As of 2026, only one PDC maintains FDA approval: 177Lu-DOTATATE (Lutathera), approved in 2018 for somatostatin receptor-positive gastroenteropancreatic neuroendocrine tumors. A second PDC, melphalan flufenamide (Pepaxto), received accelerated FDA approval in February 2021 for multiple myeloma but was voluntarily withdrawn in October 2021 after the confirmatory OCEAN trial showed an overall survival disadvantage versus the control arm. Pepaxto retains EMA and MHRA approval in Europe and the UK.

How do peptide-drug conjugates differ from antibody-drug conjugates?

PDCs use small synthetic peptides (1-5 kDa) as targeting vehicles, while ADCs use large monoclonal antibodies (approximately 150 kDa). This size difference gives PDCs several advantages: deeper penetration into solid tumors, faster renal clearance reducing prolonged toxicity, lower manufacturing cost through chemical synthesis rather than biological production, and reduced immunogenicity. ADCs have the advantage of longer circulation times and more binding specificity. As of 2025, 14 ADCs versus only 1 PDC have maintained FDA approval, reflecting the earlier development of the ADC field.

What cancers can peptide-drug conjugates treat?

PDCs are in development for multiple cancer types. Lutathera (the only FDA-approved PDC) treats neuroendocrine tumors by targeting somatostatin receptors. Clinical-stage PDCs target breast cancer (GnRH receptor), prostate cancer (GnRH and bombesin receptors), glioblastoma (integrin and NK-1 receptors), multiple myeloma (aminopeptidase activation), and various solid tumors (RGD-integrin targeting, pH-activated delivery).
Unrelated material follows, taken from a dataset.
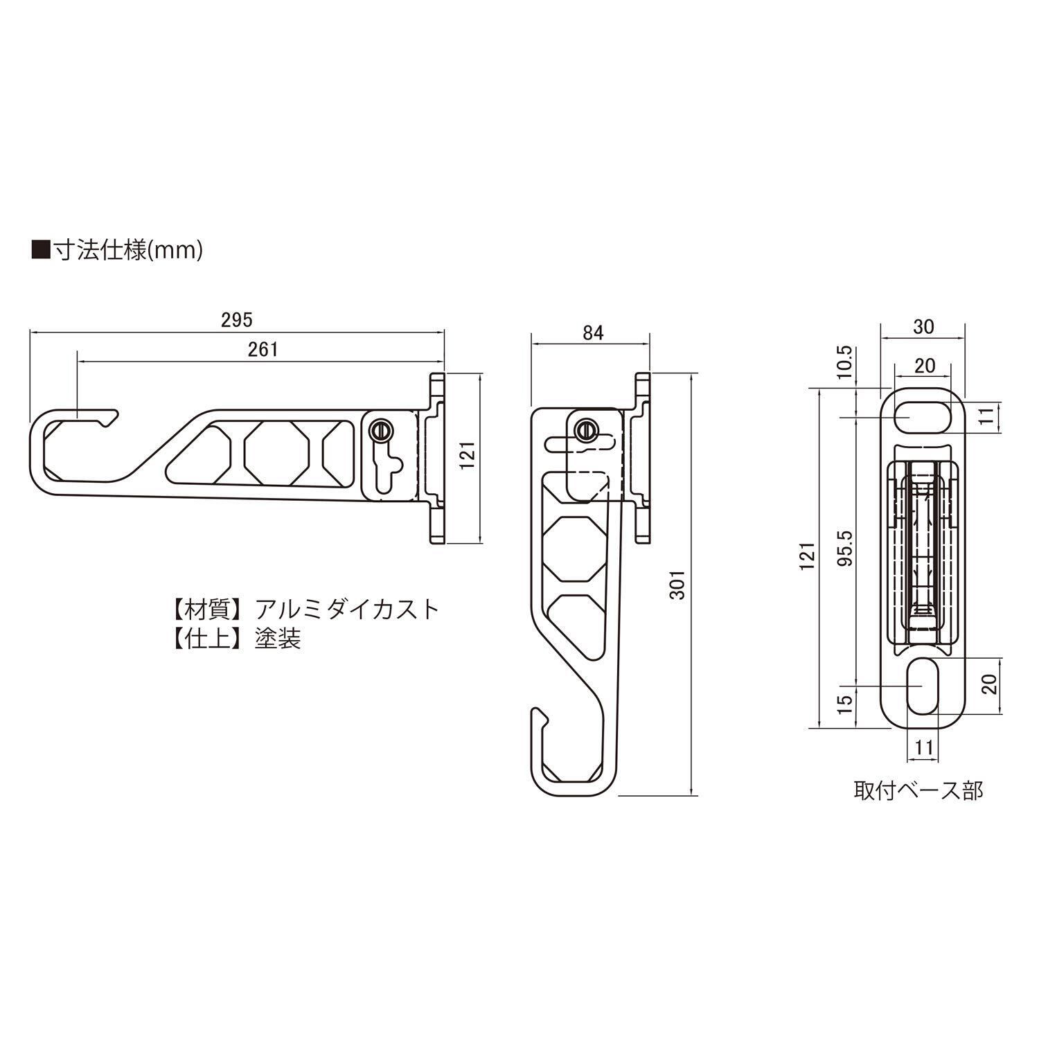 出幅295mmのコンパクトな物干金物。 幅の狭いベランダ等、狭いスペースに最適です。

The diversity of targeting strategies means PDCs are not limited to a single cancer type.

What is peptide receptor radionuclide therapy (PRRT)?

PRRT is a type of peptide-drug conjugate where the cytotoxic payload is a radioactive isotope rather than a chemotherapy drug. The most established form uses somatostatin analog peptides labeled with lutetium-177, which delivers targeted beta radiation to neuroendocrine tumor cells expressing somatostatin receptors. The NETTER-1 trial showed PRRT reduced progression risk by 79% versus standard treatment. Next-generation PRRT uses alpha-emitting isotopes (actinium-225, lead-212) that deliver more concentrated radiation over shorter distances, potentially improving the ratio of tumor kill to normal tissue damage.

Are peptide-drug conjugates safer than regular chemotherapy?

PDCs are designed to concentrate cytotoxic drugs at tumor sites, which can reduce but does not eliminate systemic side effects. In the NETTER-1 trial, grade 3+ serious adverse events occurred in only 3% of patients receiving 177Lu-DOTATATE during long-term follow-up. However, the Pepaxto experience showed that tumor-targeted delivery does not guarantee improved safety: the OCEAN trial revealed overall survival concerns despite the drug's aminopeptidase-targeted mechanism. Safety depends on how effectively the specific PDC achieves tumor selectivity and how toxic the payload is when it inevitably reaches some non-target tissues.